An obvious threat to a PCRT design is that the same providers are asked to implement both the intervention and the control arms, depending on which patient they are seeing. Concerns about contamination are a common reason to randomize providers (i.e., group randomization) so that they deliver either the intervention or the control but not both. The PCRT design would not be appropriate if there are concerns about contamination and if they exceed concerns about selection bias.

In 2 published cases, providers were blinded to the 2-stage form of randomization and instead assumed that patients were individually randomized to the intervention arm with equal probability.^118,119 Later publications indicate that the PCRT design did well at balancing contamination and selection bias in both studies.^120–122

Borm et al. provide sample size calculations for continuous outcomes.¹¹⁷ The clustering by provider (or unit of first-stage randomization) must be accounted for in both the design and analysis. No explicit sample size methods are known to be available for noncontinuous outcomes.
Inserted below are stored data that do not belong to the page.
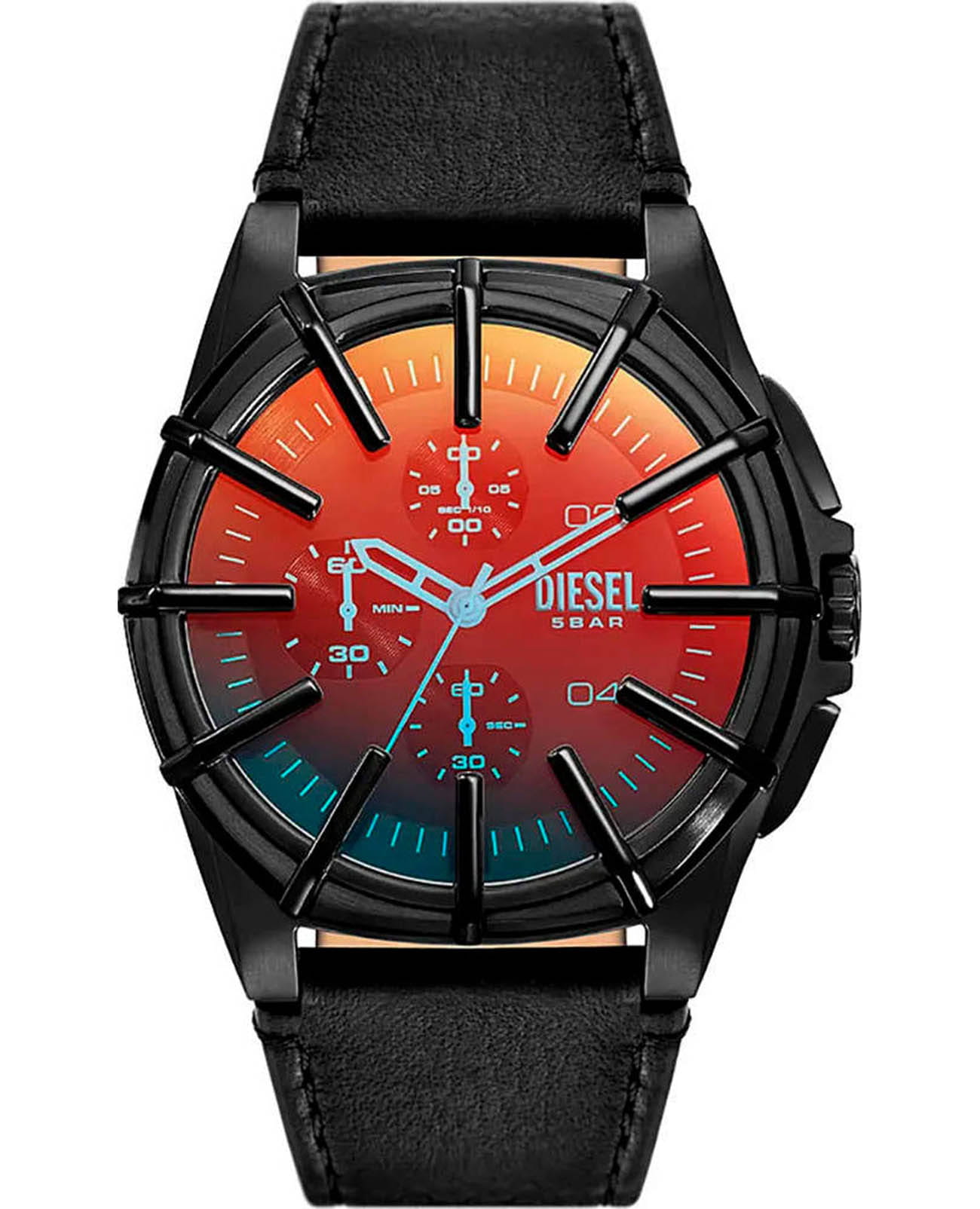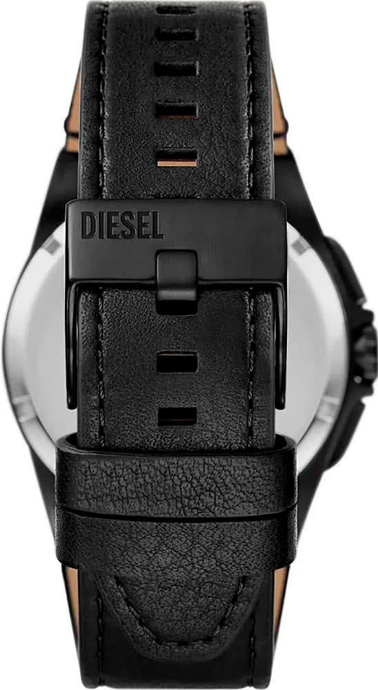 Мужские кварцевые часы Diesel DZ4658 — это стильный аксессуар, который подчеркнёт индивидуальность и чувство моды своего владельца. Модель выполнена в брутальном спортивном стиле, но при этом сохраняет универсальность, подходя как для повседневной носки, так и для неформальных случаев. Часы оснащены точным кварцевым механизмом и функцией секундомераСекундомерСекундоме́р — прибор, способный измерять интервалы времени с точностью до долей секунды., что делает их не только аксессуаром, но и практичным инструментом. Циферблат чёрного цвета дополнен штриховыми метками, а также крупными контрастными элементами, обеспечивающими отличную читаемость. Защиту циферблата обеспечивает минеральное стеклоМинеральное стеклоМинеральное стекло представляет собой искусственно выращенный минерал кварца. Такое стекло отличается особой устойчивостью к повреждениям и царапинам. Уступает по некоторым качествам сапфировому стеклу. с цветным покрытием, устойчивое к мелким повреждениям. Корпус изготовлен из стали с PVD-покрытиемPVDУльтратонкое покрытие наносится в технике вакуумного напыления, сочетает в себе нитрид титана особой прочности со слоем золота или оксида хрома. Несёт в себе декоративную или защитную функцию., что придаёт модели благородный внешний вид и повышает устойчивость к царапинам. Заводная головка имеет защиту, обеспечивающую дополнительную надёжность и комфорт при использовании. Ремешок из натуральной кожи чёрного цвета дополнен классической застёжкой, обеспечивая плотную и удобную посадку на запястье. Ширина ремешка составляет 22 мм, что гармонично сочетается с диаметром корпуса 44 мм и толщиной 14,5 мм. Часы водонепроницаемы до 50 метров (), что позволяет использовать их в повседневных условиях — при мытье рук или под дождём. Эти часы станут универсальным аксессуаром для тех, кто ценит сочетание стиля, точности и надёжности — идеальный выбор для уверенных в себе мужчин, следящих за своим образом и предпочитающих выделяться.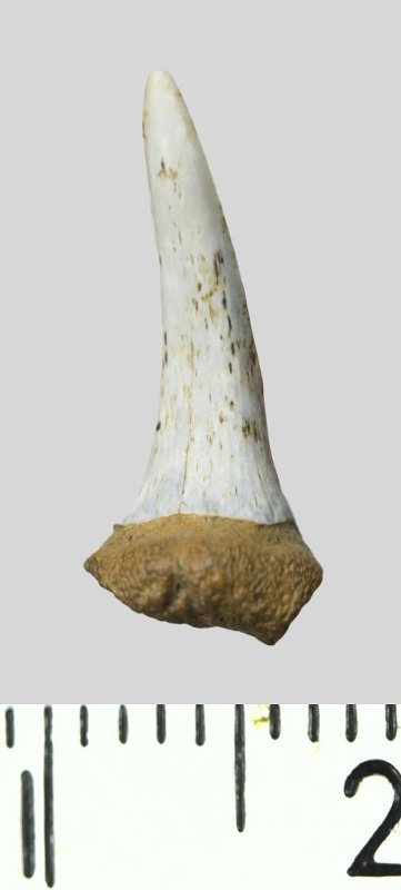 Зуб (фрагмент). Акула. Striatolamia striata (Winkler, 1874). Классификация: Хордовые Chordata, Позвоночные Vertebrata, Хрящевые рыбы Chondrichthyes, Пластиножаберные Elasmobranchii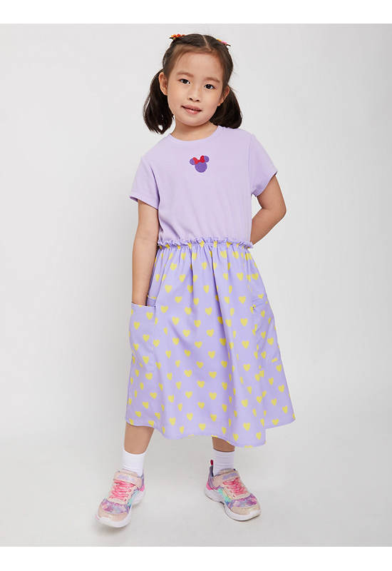FOF KIDS Girl Dress Disney Heart Printed Purple

Moerbeek and Teerenstra devote a chapter to sample size methods for PCRTs.²⁷

Individually Randomized Group-Treatment Trials

Pals et al.¹²³ identified studies that randomize individuals to study arms but deliver interventions in small groups or through a common change agent as individually randomized group-treatment (IRGT) trials, also called “partially clustered or partially nested designs” (Figure 1e).^72,124 Examples include studies of psychotherapy,¹²⁵ weight loss,¹²⁶ and reduction in sun exposure.¹²⁷ Clustering associated with these small groups or change agents must be accounted for in the analysis to avoid type I error rate inflation.^{72,123,124,128,129} Even so, this accounting appears to be rare in practice.^{123,130–133}

Recent articles have reported sample size formulas for IRGT trials with clustering in only 1 study arm, both for balanced^{72,123,128,134} and unbalanced designs.^77,128 Moerbeek and Teerenstra devote a chapter to sample size methods for IRGT trials focused on methods with clustering in either 1 or both arms.²⁷ Roberts addresses sample size methods for IRGT trials in which members belong to more than 1 small group at the same time or change small groups over the course of the study.¹³⁵ Both features have been shown to increase the type I error rate if ignored in the analysis.^135,136

CONCLUSIONS

We have summarized many of the most important advances in the design of GRTs during the 13 years since the publication of the earlier review by Murray et al.⁶ Many of these developments have focused on alternatives to the standard parallel-arm GRT design as well as those related to the nature of clustering and its features in all the designs presented. Space limitations have prevented us from including recent developments involving pilot and feasibility GRTs; designs to improve efficiency, such as factorial and crossover GRTs; and group designs, such as cutoff designs and regression discontinuity applied to groups. Interested readers are directed to the recently launched peer-reviewed journal Pilot and Feasibility Studies and related references ^4,137; to a recent methodological review of efficiency improvements for GRTs by Crespi,¹³⁸ including factorial and crossover GRTs; to additional developments in crossover GRTs,^139,140 including a recent review by Arnup et al.¹⁴¹; to additional reflections on the factorial GRT by Mdege et al.¹⁴²; and to cutoff design references by Pennell et al.¹⁴³ and by Schochet.¹⁴⁴

With this review, we have sought to ensure that the reader is reminded of the value of good design and gains knowledge in the fundamental principles of a range of recent and potentially beneficial design strategies. Pairing this knowledge with our companion review of developments in the analysis of GRTs,⁷ we hope that our work leads to continued improvements in the design and analysis of GRTs.